Wartungsverträge und Kosten in der Schweiz
Ein professioneller Wartungsvertrag für eine Solaranlage kostet in der Schweiz CHF 200–400 pro Jahr für ein Einfamilienhaus. Der Vertrag umfasst typischerweise eine jährliche Sichtprüfung, die Überprüfung der elektrischen Anschlüsse, die Kontrolle des Wechselrichters und eine Ertragsanalyse. Anbieter wie Helion, BE Netz und Tritec bieten umfassende Wartungspakete an, die auch eine Fernüberwachung der Anlage beinhalten. Die Monitoring-Systeme erkennen Ertragseinbussen frühzeitig und melden diese per App oder E-Mail. Grössere Anlagen auf Gewerbebauten erfordern ausführlichere Inspektionen mit Thermografie-Aufnahmen zur Erkennung von Hot Spots. Die Kosten liegen hier bei CHF 500–1’500 jährlich. Swissolar empfiehlt, Wartungsarbeiten nur von zertifizierten Fachbetrieben durchführen zu lassen, um die Herstellergarantie nicht zu gefährden.
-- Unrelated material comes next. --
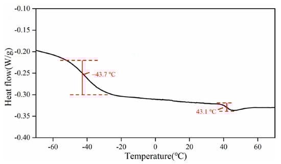 The glass transition temperature is the lowest temperature of polymer chain segment movement. The more flexible the molecular chain is, the lower the glass transition temperature is. The more rigid the molecular chain is, the higher the glass transition temperature is [35]. The DSC curve of polyolefin elastomer is shown in Figure 2.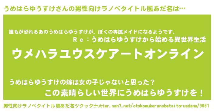 | 女子向けラノベタイトル風あだ名 | 『誰かこのうめはらゆうすけを説明してください! ~契約から始まるウェディング~』 |

Versicherung und Garantieleistungen für PV-Anlagen
Solaranlagen in der Schweiz sind in der Regel über die Gebäudeversicherung gegen Elementarschäden wie Hagel, Sturm und Blitzschlag versichert. Die kantonalen Gebäudeversicherungen (z.B. GVZ in Zürich, GVB in Bern) decken Solaranlagen automatisch ab, sofern sie fest mit dem Gebäude verbunden sind. Zusätzlich empfiehlt sich eine Ertragsausfallversicherung, die bei längeren Ausfällen den entgangenen Stromertrag ersetzt – Kosten ca. CHF 50–100 pro Jahr. Die Modulhersteller gewähren 25–30 Jahre Leistungsgarantie (mindestens 80 % der Nennleistung) und 10–15 Jahre Produktgarantie. Wechselrichter haben typischerweise 5–10 Jahre Garantie, eine Verlängerung auf 15–20 Jahre kostet CHF 500–1’000. Batteriespeicher werden mit 10 Jahren oder 6’000–10’000 Zyklen garantiert. Bewahren Sie alle Garantieunterlagen sorgfältig auf und registrieren Sie Ihre Anlage beim Hersteller.